Short of an abrupt and unforeseen big drop in wholesale natural gas prices, liquefied natural gas (LNG) imports promise to be a huge stimulus to investment in new natural gas infrastructure, according to the strategy outlined by Sempra Energy COO Donald Felsinger, who spoke Tuesday at the Merrill Lynch “Power & Natural Gas Leaders Conference” in New York City.

Felsinger estimated that there will be $500-$600 million in new pipelines built to support the company’s three proposed LNG receiving terminals in Baja California Norte, Mexico, the Texas Gulf Coast, and Louisiana Gulf Coast.

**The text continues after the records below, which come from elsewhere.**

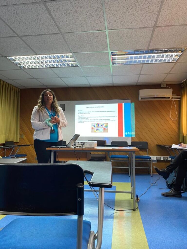 La académica presentó resultados de una investigación exploratoria desarrollada junto a una estudiante de tesis, titulada “Juegos de mesa como estrategia para el desarrollo de la subitización en Educación Parvularia”.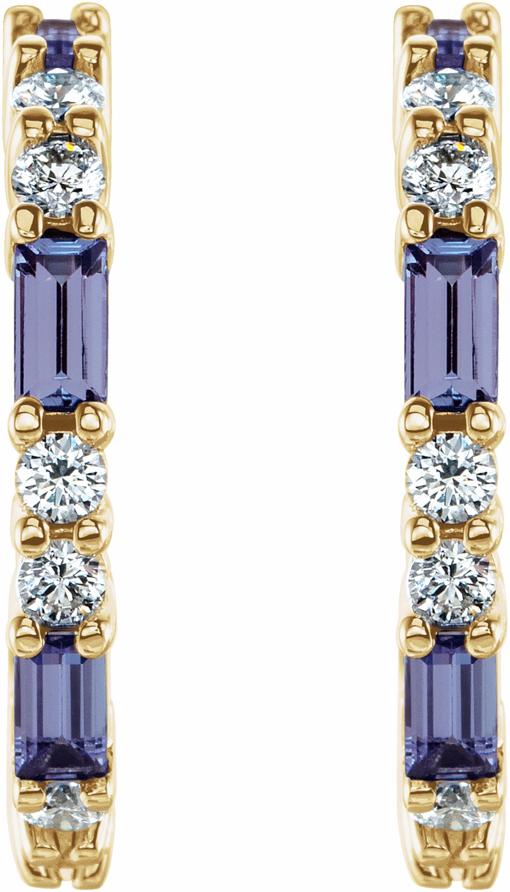 14K Yellow Gold Natural Tanzanite & 1/2 CTW Natural Diamond 17.2 mm Hoop Earrings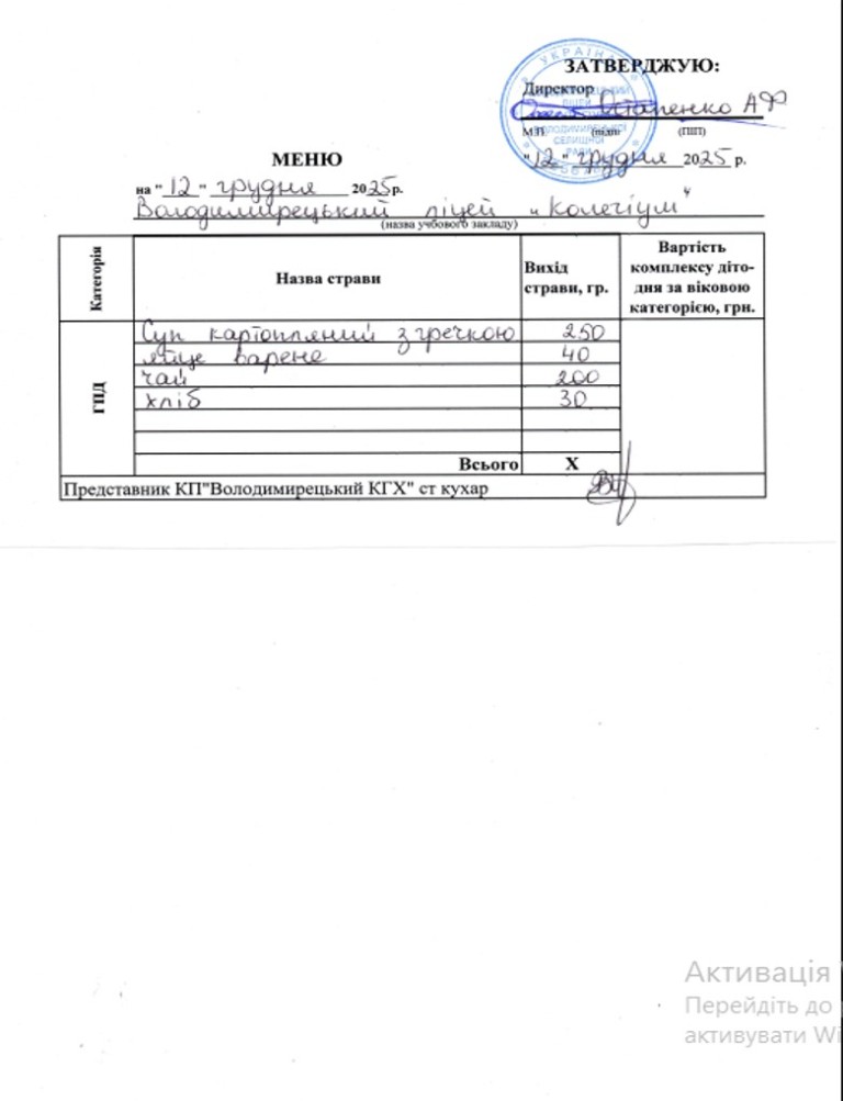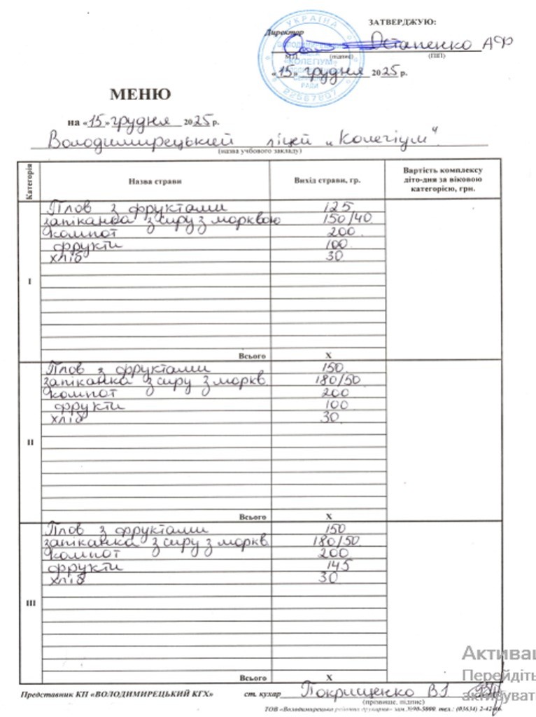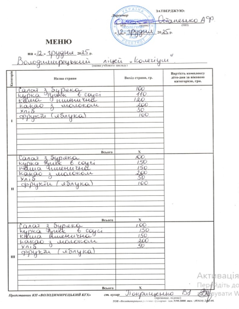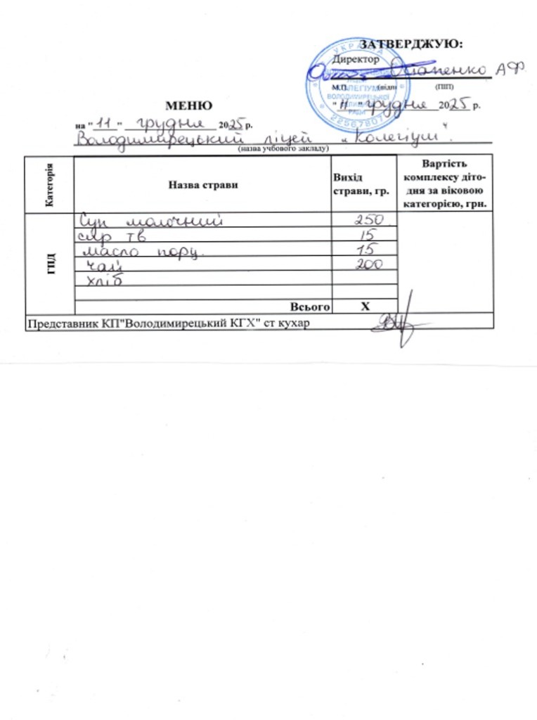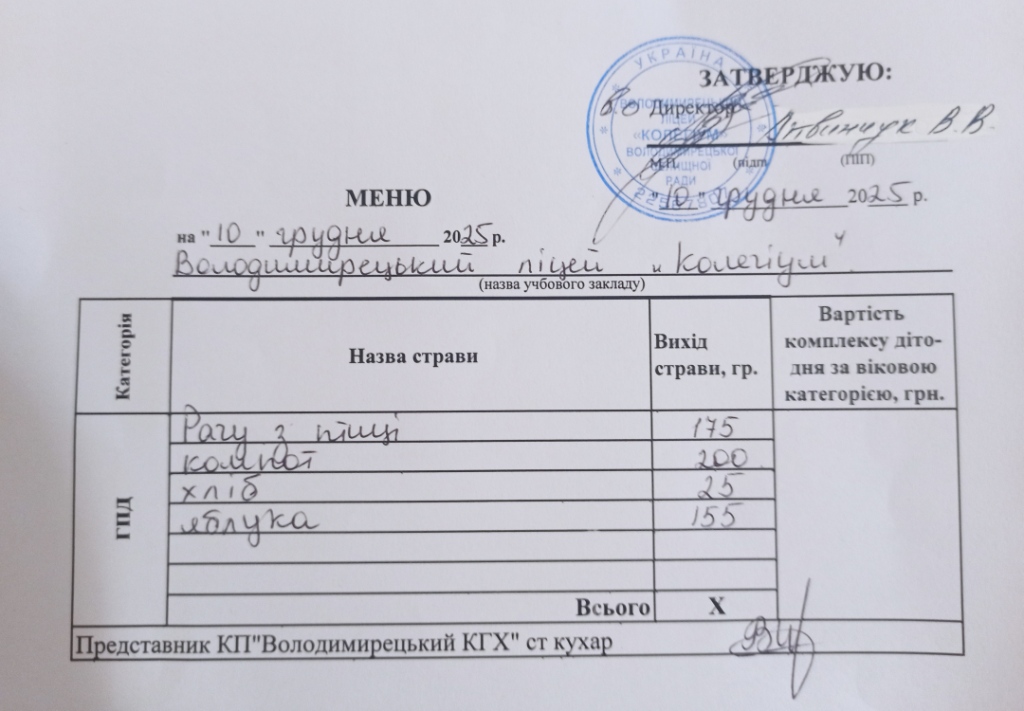 Меню на 11.12.2025 року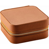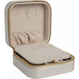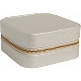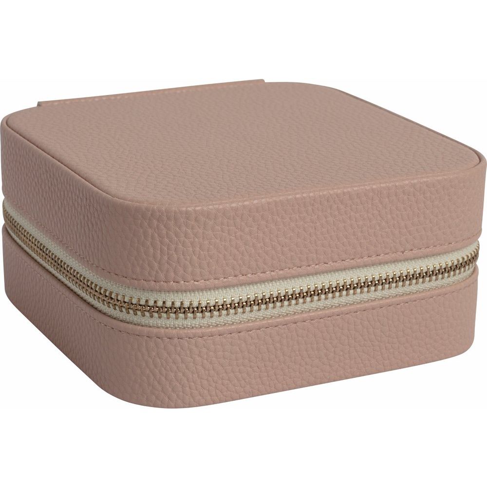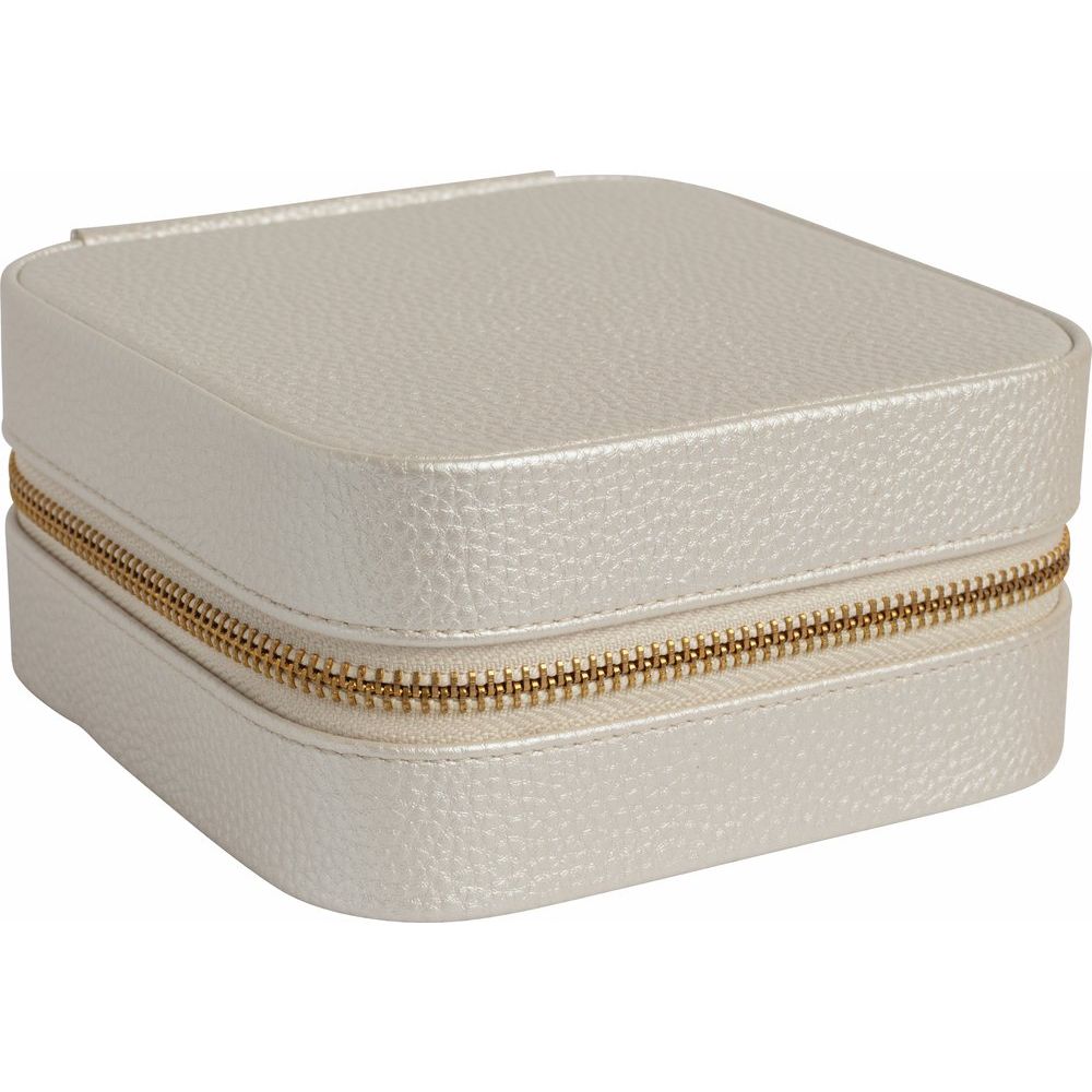 Leatherette travel case with mirror divider, three tabs and pouch for excess chain/necklace holder, ring slots, and four open compartment holders. Available in champagne & blush.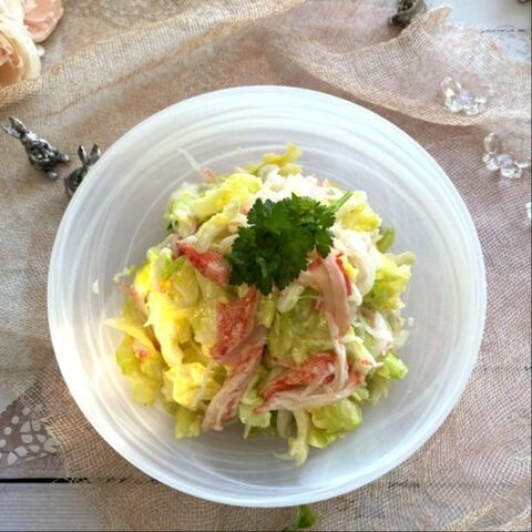 抱えて食べたい 春キャベツと新玉 カニカマの塩麹サラダ 暮らしニスタ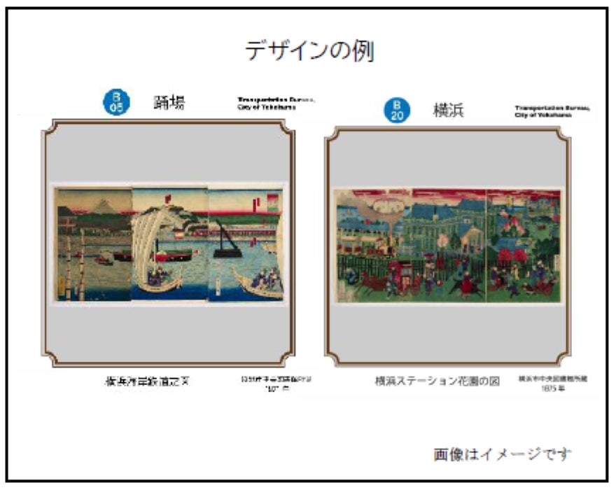 スタンプのデザインは、横浜の鉄道の歴史を知っていただけるよう横浜市中央図書館所蔵の浮世絵を活用しました。横浜の歴史とともに街並みをお楽しみください。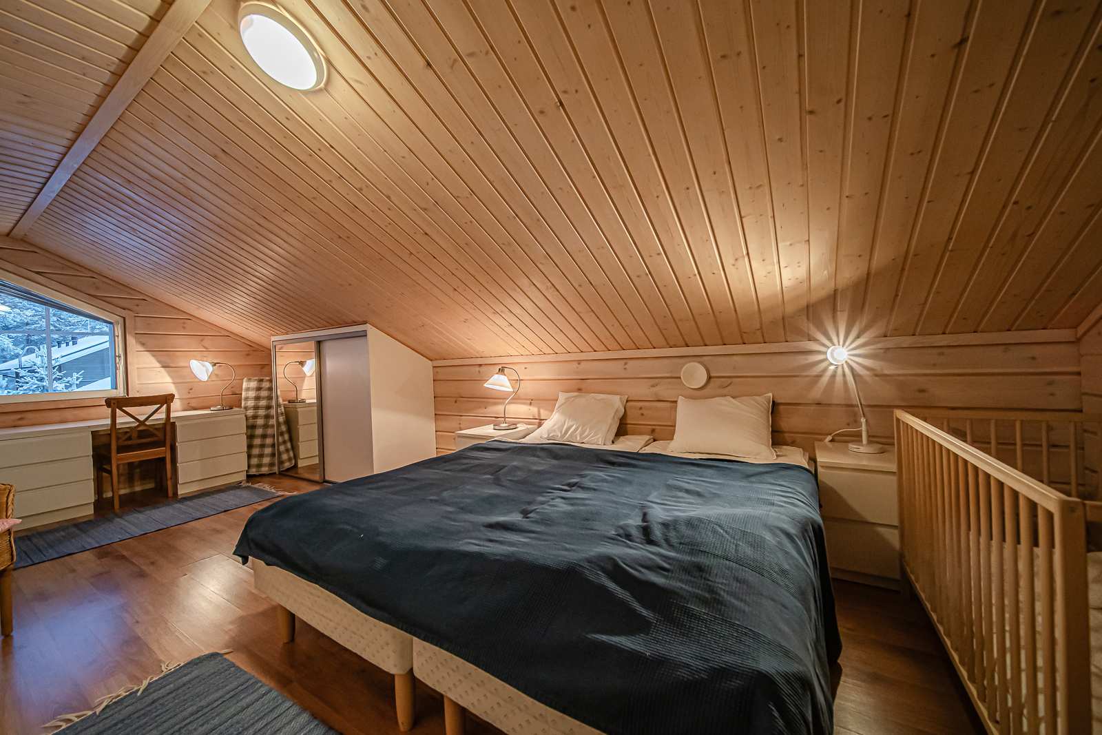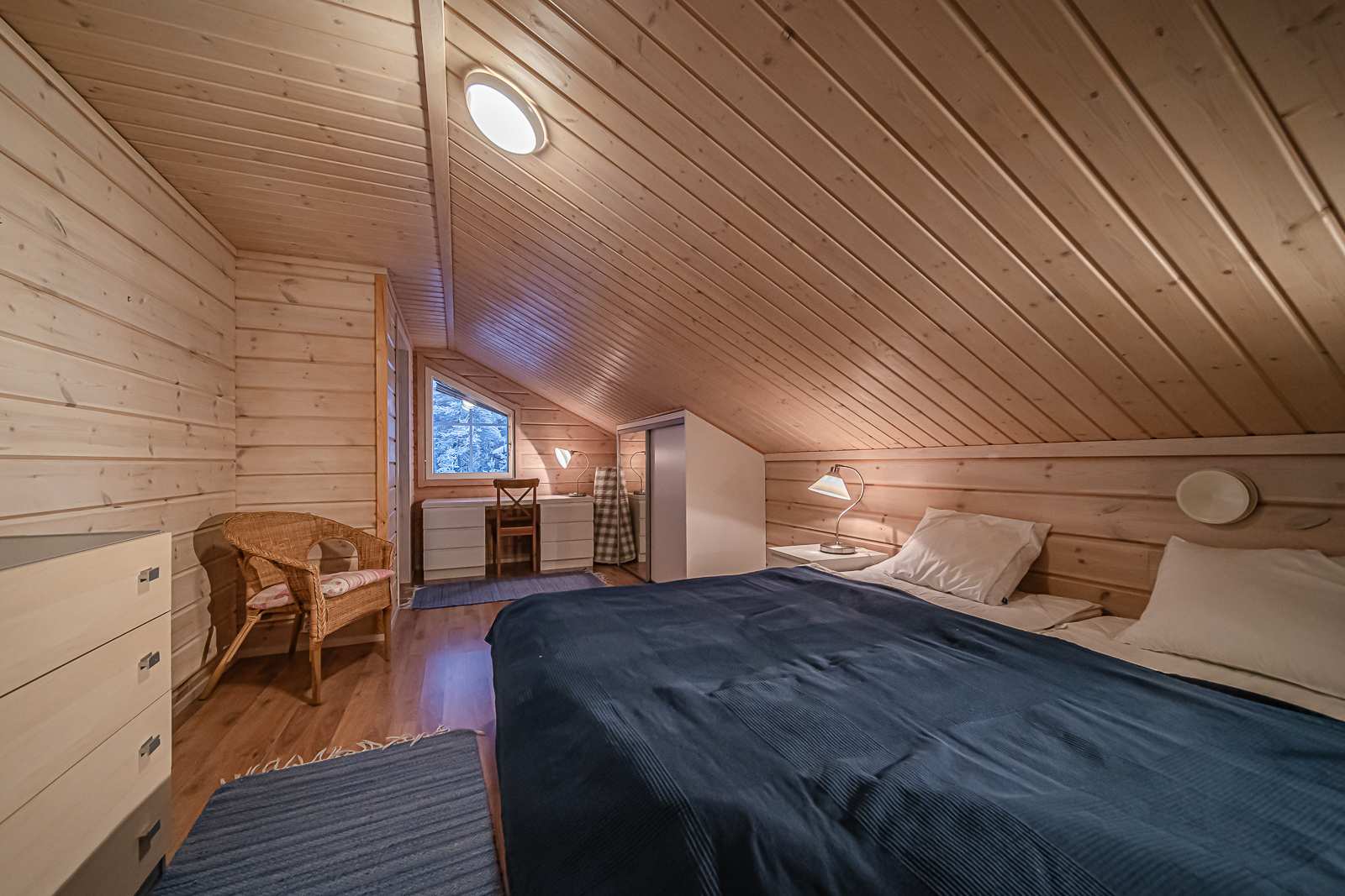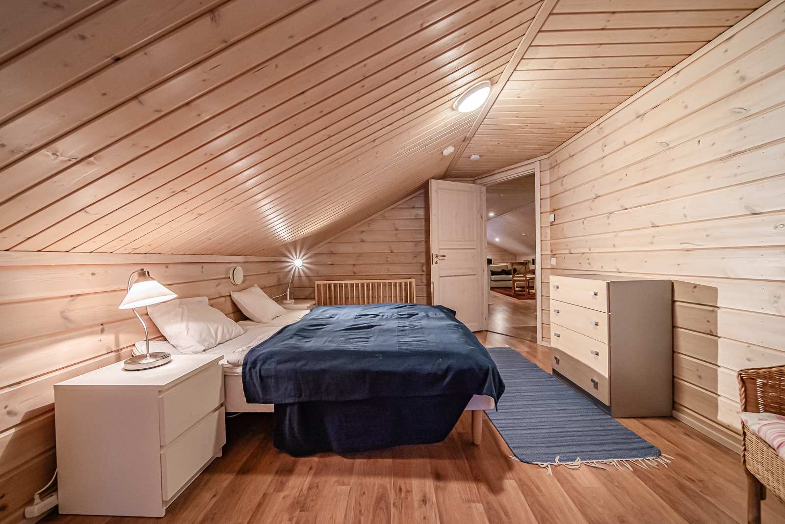 | Makuuhuone | Seinät: puu Lattia: laminaatti |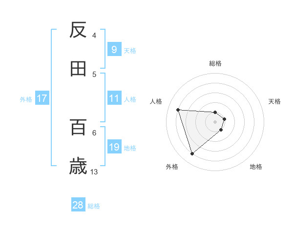 反田 百歳さんの総格は28画の1点!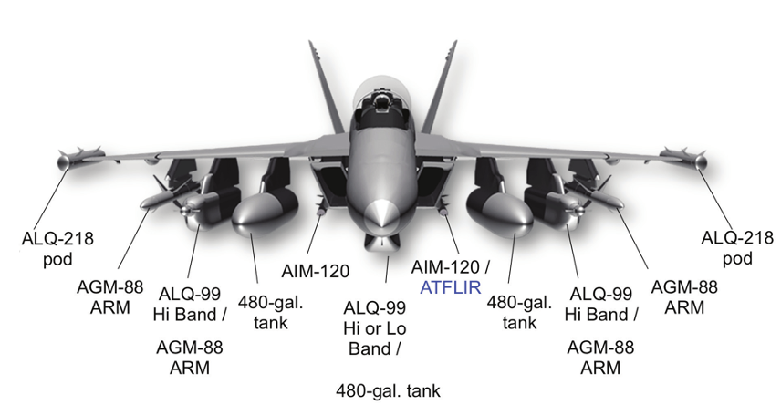 図34:(reddit) EA-18G グロウラー(Growler)の標準的な搭載装置。内翼下面の480 ガロン燃料タンクが目立つ。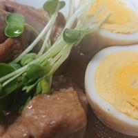 - 3 両面の色が変わったらゆで卵と煮汁の材料、生姜を入れます。落し蓋をして弱火で20分程煮ます。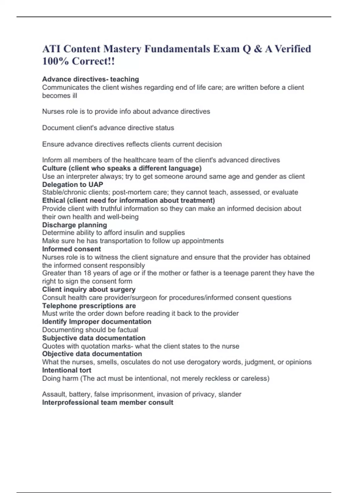 ATI Content Mastery Fundamentals Exam Q & A Verified 100% Correct!! ATI Content Mastery Exam 76 Questions With Complete Solutions. ATI Content Mastery Series : Fundamentals Quizzes & Answers. ATI Content Mastery Series (RN Concept-Based Assessment) Questions With 100% Correct Solutions. Fundamentals ATI Content Mastery Series Questions - Exam 1 (An

While executives from the two largest current LNG importers — Dominion Resources and Southern Union — emphasized different aspects of the current “hot” fuel, they reiterated Felsinger’s overall bullishness toward LNG and the related underground storage and pipeline infrastructure investments it is spawning. Their strategies are different from that of the San Diego-based utility holding company, which is boosting its trading operations while it is in the process of shedding its South American assets.

A Standard & Poor’s Ratings Services report last week, “Hot Prospects for a Cold Fuel,” painted a bright future for LNG even at the $2.50-$3.25/MMBtu price range, but Tuesday’s Merrill Lynch panelists emphasized a need for prices above $3.50 and assuming that for the next few years the prices will remain in the current $4-$6 range.

“It is different for the greenfield projects than it is for expansion facilities. Dominion doesn’t really care because we are going to get paid no matter what the price turns out to be over the next 20 years, but $3.75 to $4 is the number most people throw around in the East,” said Dominion COO Thomas Farrell. Felsinger said that on the West Coast the range is likely to be $3.50-$4.25/MMBtu. “The big variable is the cost of the LNG in the source country and the shipping costs.”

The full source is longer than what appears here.